Containers
During the 1990s and early 2000s, the standard way to deploy applications to the internet was to get a server instance, copy the code or binary onto the instance, and then start the program. This worked great for a while, but soon complications began to arise:
- Code that worked on the developer’s machine might not work on the server.
- Programs that ran perfectly on a server instance might fail upon applying the latest patch to the server’s OS.
- For every new instance added as part of a service, various installation scripts had to be run so that we can bring the new instance to be on par with all the other instances. This can be a very slow process.
- Extra care had to be taken to ensure that the new instance and all the software versions installed on it are compatible with the APIs being used by our program.
- It was also important to ensure that all config files and important environment variables were copied to the new instance; otherwise, the application might fail with little or no clue.
- Usually the version of the program that ran on local system versus test system versus production system were all configured differently, and this meant that it was possible for our application to fail on one of the three types of systems. If such a situation occurred, we would end up having to spend extra time and effort trying to figure out whether the issue is specific to one particular instance, one particular system, and so on.
Containers try to solve this problem using OS-level virtualization.
All programs and applications are run in a section of memory known as user space. This allows the operating system to ensure that a program is not able to cause major hardware or software issues.
The real advantage of containers is that they allow us to run applications in isolated user spaces, and we can even customize the following attributes of user spaces:
- Connected devices such as network adapters and TTY
- CPU and RAM resources
- Files and folders accessible from host OS
Docker
The biggest advantage of a VM is that we can run different types of OSes on a system, for example, Windows, FreeBSD, and Linux. In the case of Docker, we can run any flavor of Linux, and the only limitation is that it has to be Linux.

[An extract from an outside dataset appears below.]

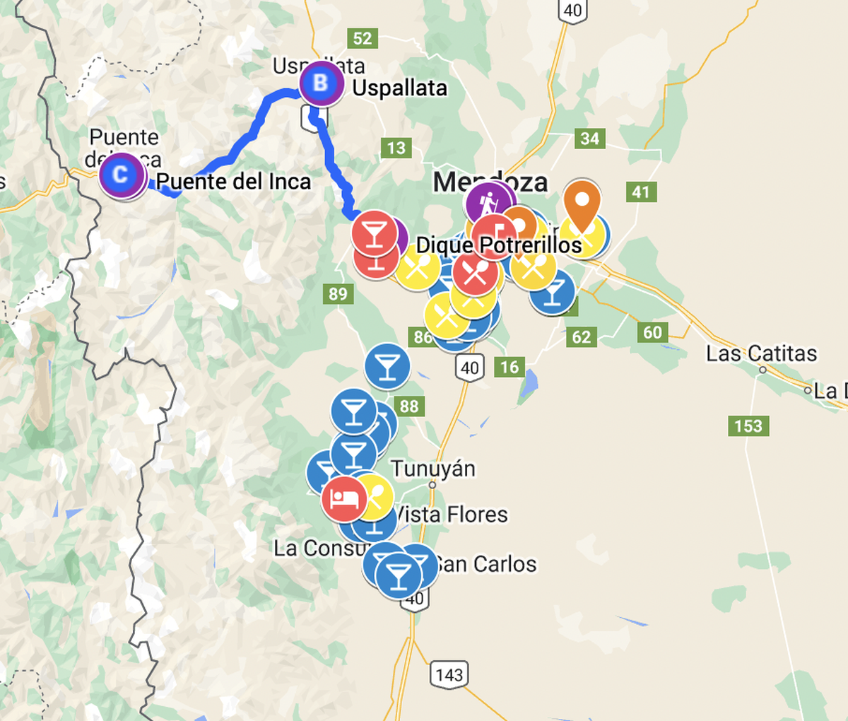 La ruta 7 abre dos posibilidades hacia el este y el oeste. Si uno toma el camino hacia el este se encuentran las mayores bodegas en Rivadavia, San Martín, Junín y Santa Rosa. También, cabe mencionar que se encuentran las termas de Cacheuta, Potrerillos para turismo aventura y Uspallata, imperdibles para visitar.

The biggest advantage of Docker containers is that since it runs natively on Linux as a discrete process making it lightweight and unaware of all the capabilities of the host OS.
- Dockerfile: It consists of instructions on how to build an image that runs our program.
- Docker client: This is a command-line program used by the user to interact with Docker daemon.
- Docker daemon: This is the Daemon application that listens for commands to manage building or running containers and pushing containers to Docker registry. It is also responsible for configuring container networks, volumes, and so on.
- Docker images: Docker images contain all the steps necessary to build a container binary that can be executed on any Linux machine with Docker installed.
- Docker registry: The Docker registry is responsible for storing and retrieving the Docker images. We can use a public Docker registry or a private one. Docker Hub is used as the default Docker registry.
- Docker Container: The Docker container is different from the Container we have been discussing so far. A Docker container is a runnable instance of a Docker image. A Docker container can be created, started, stopped, and so on.
- Docker API: The Docker client we discussed earlier is a command-line interface to interact with Docker API. This means that the Docker daemon need not be running on the same machine as does the Docker client. The default setup that we will be using throughout the book talks to the Docker daemon on the local system using UNIX sockets or a network interface.